▶ _What you need to do_
The records below are to be reproduced exactly, with the pictures left out.

··· Dataset records

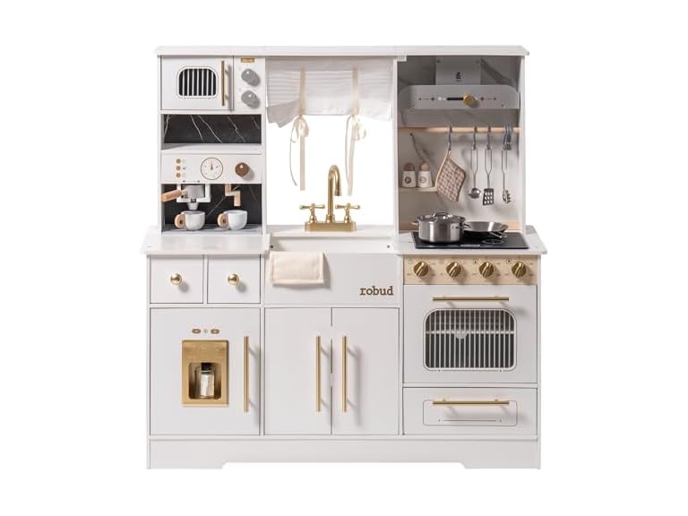 - REALISTIC DESIGN, SPARK CREATIVITY: The ROBUD White & Gold Deluxe Kids Kitchen Set features exquisite design and details like a real faucet, coffee machine, oven, and utensils, providing the most lifelike kitchen play experience to ignite your child's creativity and imagination.
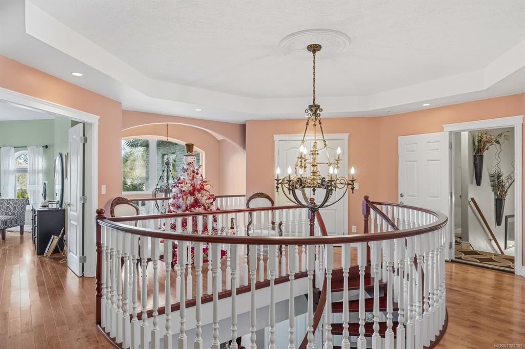 Welcome to one of Comox’s most sought-after streets, where homes rarely come to market and residents stay for decades. Set on a beautifully private 1.24-acre lot, this exceptional estate home offers a remarkable lifestyle in a peaceful, tree-lined pocket of the Valley. Grand principal rooms, soaring ceilings, and impeccable care throughout create an inviting, timeless feel. The layout is ideal for families of all sizes, with four spacious bedrooms in the main home and a fully self-contained two-bedroom legal suite with its own entrance, garage access, and great independence. Perfect for extended family, guests, or income support, the suite blends seamlessly with the property’s overall design. Outside, mature landscaping frames sunlit lawn areas and quiet outdoor spaces that feel miles away from town, yet you're only minutes to Comox amenities, schools, and recreation. A rare opportunity to secure a truly special home on a cherished street.
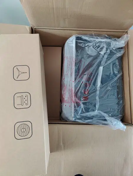 Au sein du carton lourd et imposant, nous retrouvons la station de charge, le robot et les accessoires. Le robot est stocké dans une boite cartonnée dédiée, tout comme les accessoires, tandis que la station est emballée dans un plastique. L'ensemble est bien calé, chaque élément est à sa place et le matériel me semble suffisamment protégé pour résister au transport.
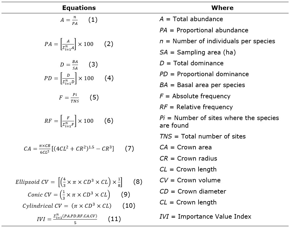Table 2 shows the equations to calculate the absolute and proportional abundance of each taxon according to the number of individuals recorded; the absolute and proportional dominance of each species according to the basal area of the individuals; the absolute and proportional frequency, according to the presence in the eight green urban areas; the crown area, the most active area that assimilates the light radiation, which included the lateral area of the crown and the area of the crown reflection was eliminated (Rodríguez-Laguna et al., 2009); for crown volume, we considered the shape of the crowns (elliptical, conical or cylindrical), which serve as a reference for the production of living matter and ecosystem functions, such as air pollution reduction and carbon sequestration (Fernández-Sarría et al., 2013; Hecht et al., 2008; Korhonen et al., 2013; McPherson & Rowntree, 1988; Meng et al., 2007; Mõttus et al., 2006; Zhu et al., 2021). The contextualized variables were used to obtain the Importance Value Index (percentage ranging from 0 to 100; IVI); the importance of each species was ranked based on abundance, frequency, dominance, area and crown volume (Saavedra-Romero et al., 2019).
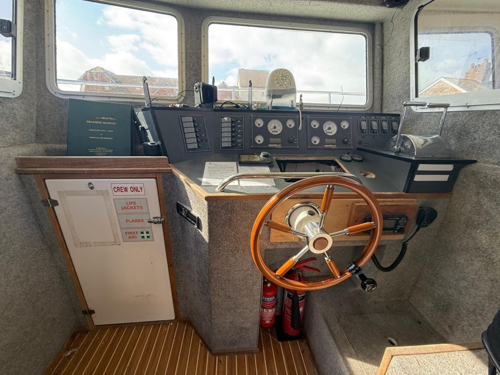 With a guide price of around £80,000, the fully equipped fishing catamaran comes with a commercial licence package, making it immediately operational for fishing or charter work.
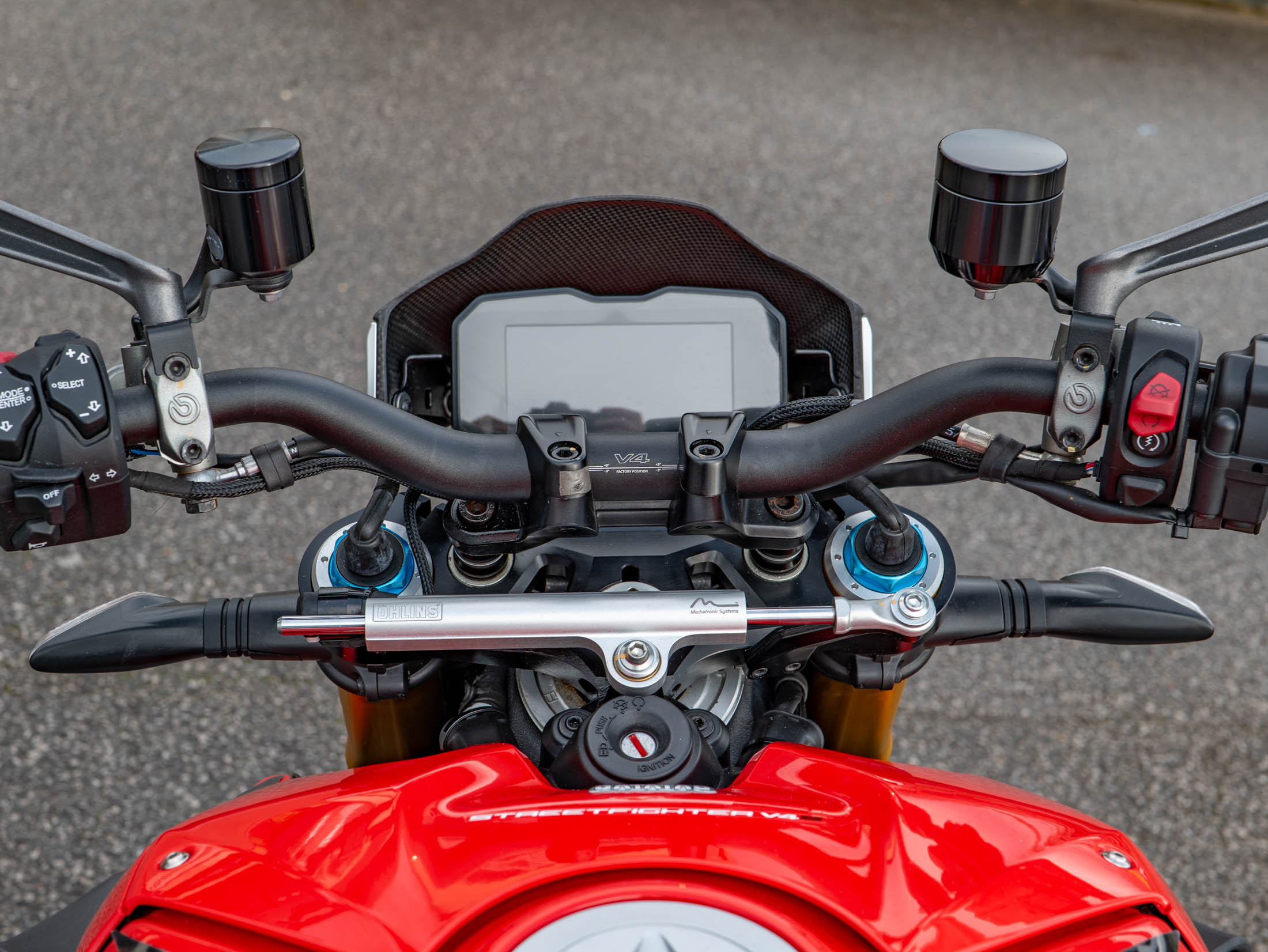 The Streetfighter V4 S is essentially a Panigale V4 stripped of its fairings and equipped with high, wide handlebars. Its 1103cc Desmosedici Stradale engine produces a staggering 208 hp, delivering an adrenaline-fueled experience that few bikes can match. As the "S" model, it features premium Öhlins electronic suspension (NIX30 forks and TTX36 shock) and lightweight Marchesini forged aluminium wheels, which significantly sharpen the handling and reduce unsprung weight. This isn't just a motorcycle; it’s a high-tech powerhouse designed for riders who want the absolute best in Italian engineering.
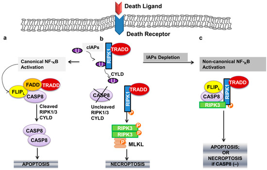 Recruitment of TRADD by stimulation of TNFR1, as described in the previous paragraphs, also attracts receptor-interacting protein kinase 1 (RIPK1), forming TRADD-dependent receptor complex I. RIPK1 is then subject to Lys63 polyubiquitylation by IAP1 or cIAP2, activating NF-κB, with resulting upregulation of anti-apoptotic genes such as FLIPL [81,82]. A more detailed description of additional adaptor molecules involved can be found in a nice recently published article [80]. In cells undergoing apoptosis, cylindromatosis (CYLD) would remove Lys63-linked polyubiquitins from RIPK1 [83], rendering complex I unstable and allowing RIPK1 to dissociate from the plasma membrane and interact with TRADD-dependent complex IIa; in this complex FLIPL and pro-caspase 8 form a heterodimeric caspase that cleaves and inactivates RIPK1 (and RIPK3), as well as CYLD, to prevent necroptosis [84] (Figure 2a). However, when caspase-8 is inhibited, the RIP homotypic interaction motif (RHIM) domains of RIPK1 and RIPK3 associate in microfilament-like complexes called necrosomes, an amyloid-like structure that acts as the transducer of the necroptotic signal [85]. RIPK3 is thus able to phosphorylate a protein called mixed lineage kinase domain-like protein (MLKL), which then translocates to the plasma membrane, causing damage to execute necrosis [86]. (Figure 2b). This results in a late wave of JUN N-terminal kinase (JNK) activation, ROS production and the induction of necroptosis [86]. Additionally, oligomerized MLKL translocates to the plasma membrane mediating TNF-induced necroptosis in a calcium influx-dependent way [87]. Importantly, IAP degradation (for example, in the presence of SMAC), will result in non-canonical NF-κB activation, with formation of a TRADD independent complex between RIPK1/3, FADD and FLIPL (ripoptosome or complex IIb). RIPK1-dependent complex IIb can induce both necroptosis and apoptosis, which is dependent on the absence or presence of caspase-8 activity, respectively (Figure 2c).
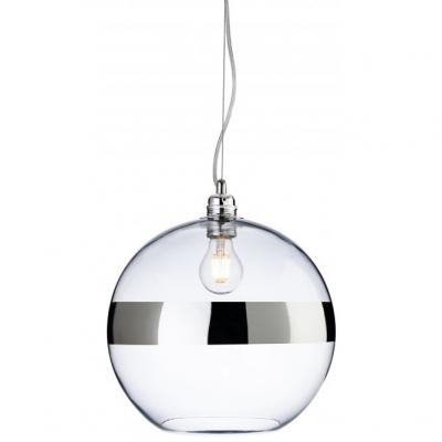Firstlight Saturn single light ceiling pendant features a circular ceiling plate in polished chrome finish with clear cable, holding a clear glass globe shaped shade with chrome effect central ring.

······

▶ _Result of this task_
 - REALISTIC DESIGN, SPARK CREATIVITY: The ROBUD White & Gold Deluxe Kids Kitchen Set features exquisite design and details like a real faucet, coffee machine, oven, and utensils, providing the most lifelike kitchen play experience to ignite your child's creativity and imagination.
 Welcome to one of Comox’s most sought-after streets, where homes rarely come to market and residents stay for decades. Set on a beautifully private 1.24-acre lot, this exceptional estate home offers a remarkable lifestyle in a peaceful, tree-lined pocket of the Valley. Grand principal rooms, soaring ceilings, and impeccable care throughout create an inviting, timeless feel. The layout is ideal for families of all sizes, with four spacious bedrooms in the main home and a fully self-contained two-bedroom legal suite with its own entrance, garage access, and great independence. Perfect for extended family, guests, or income support, the suite blends seamlessly with the property’s overall design. Outside, mature landscaping frames sunlit lawn areas and quiet outdoor spaces that feel miles away from town, yet you're only minutes to Comox amenities, schools, and recreation. A rare opportunity to secure a truly special home on a cherished street.
 Au sein du carton lourd et imposant, nous retrouvons la station de charge, le robot et les accessoires. Le robot est stocké dans une boite cartonnée dédiée, tout comme les accessoires, tandis que la station est emballée dans un plastique. L'ensemble est bien calé, chaque élément est à sa place et le matériel me semble suffisamment protégé pour résister au transport.
Table 2 shows the equations to calculate the absolute and proportional abundance of each taxon according to the number of individuals recorded; the absolute and proportional dominance of each species according to the basal area of the individuals; the absolute and proportional frequency, according to the presence in the eight green urban areas; the crown area, the most active area that assimilates the light radiation, which included the lateral area of the crown and the area of the crown reflection was eliminated (Rodríguez-Laguna et al., 2009); for crown volume, we considered the shape of the crowns (elliptical, conical or cylindrical), which serve as a reference for the production of living matter and ecosystem functions, such as air pollution reduction and carbon sequestration (Fernández-Sarría et al., 2013; Hecht et al., 2008; Korhonen et al., 2013; McPherson & Rowntree, 1988; Meng et al., 2007; Mõttus et al., 2006; Zhu et al., 2021). The contextualized variables were used to obtain the Importance Value Index (percentage ranging from 0 to 100; IVI); the importance of each species was ranked based on abundance, frequency, dominance, area and crown volume (Saavedra-Romero et al., 2019).
 With a guide price of around £80,000, the fully equipped fishing catamaran comes with a commercial licence package, making it immediately operational for fishing or charter work.
 The Streetfighter V4 S is essentially a Panigale V4 stripped of its fairings and equipped with high, wide handlebars. Its 1103cc Desmosedici Stradale engine produces a staggering 208 hp, delivering an adrenaline-fueled experience that few bikes can match. As the "S" model, it features premium Öhlins electronic suspension (NIX30 forks and TTX36 shock) and lightweight Marchesini forged aluminium wheels, which significantly sharpen the handling and reduce unsprung weight. This isn't just a motorcycle; it’s a high-tech powerhouse designed for riders who want the absolute best in Italian engineering.
 Recruitment of TRADD by stimulation of TNFR1, as described in the previous paragraphs, also attracts receptor-interacting protein kinase 1 (RIPK1), forming TRADD-dependent receptor complex I. RIPK1 is then subject to Lys63 polyubiquitylation by IAP1 or cIAP2, activating NF-κB, with resulting upregulation of anti-apoptotic genes such as FLIPL [81,82]. A more detailed description of additional adaptor molecules involved can be found in a nice recently published article [80]. In cells undergoing apoptosis, cylindromatosis (CYLD) would remove Lys63-linked polyubiquitins from RIPK1 [83], rendering complex I unstable and allowing RIPK1 to dissociate from the plasma membrane and interact with TRADD-dependent complex IIa; in this complex FLIPL and pro-caspase 8 form a heterodimeric caspase that cleaves and inactivates RIPK1 (and RIPK3), as well as CYLD, to prevent necroptosis [84] (Figure 2a). However, when caspase-8 is inhibited, the RIP homotypic interaction motif (RHIM) domains of RIPK1 and RIPK3 associate in microfilament-like complexes called necrosomes, an amyloid-like structure that acts as the transducer of the necroptotic signal [85]. RIPK3 is thus able to phosphorylate a protein called mixed lineage kinase domain-like protein (MLKL), which then translocates to the plasma membrane, causing damage to execute necrosis [86]. (Figure 2b). This results in a late wave of JUN N-terminal kinase (JNK) activation, ROS production and the induction of necroptosis [86]. Additionally, oligomerized MLKL translocates to the plasma membrane mediating TNF-induced necroptosis in a calcium influx-dependent way [87]. Importantly, IAP degradation (for example, in the presence of SMAC), will result in non-canonical NF-κB activation, with formation of a TRADD independent complex between RIPK1/3, FADD and FLIPL (ripoptosome or complex IIb). RIPK1-dependent complex IIb can induce both necroptosis and apoptosis, which is dependent on the absence or presence of caspase-8 activity, respectively (Figure 2c).
Firstlight Saturn single light ceiling pendant features a circular ceiling plate in polished chrome finish with clear cable, holding a clear glass globe shaped shade with chrome effect central ring.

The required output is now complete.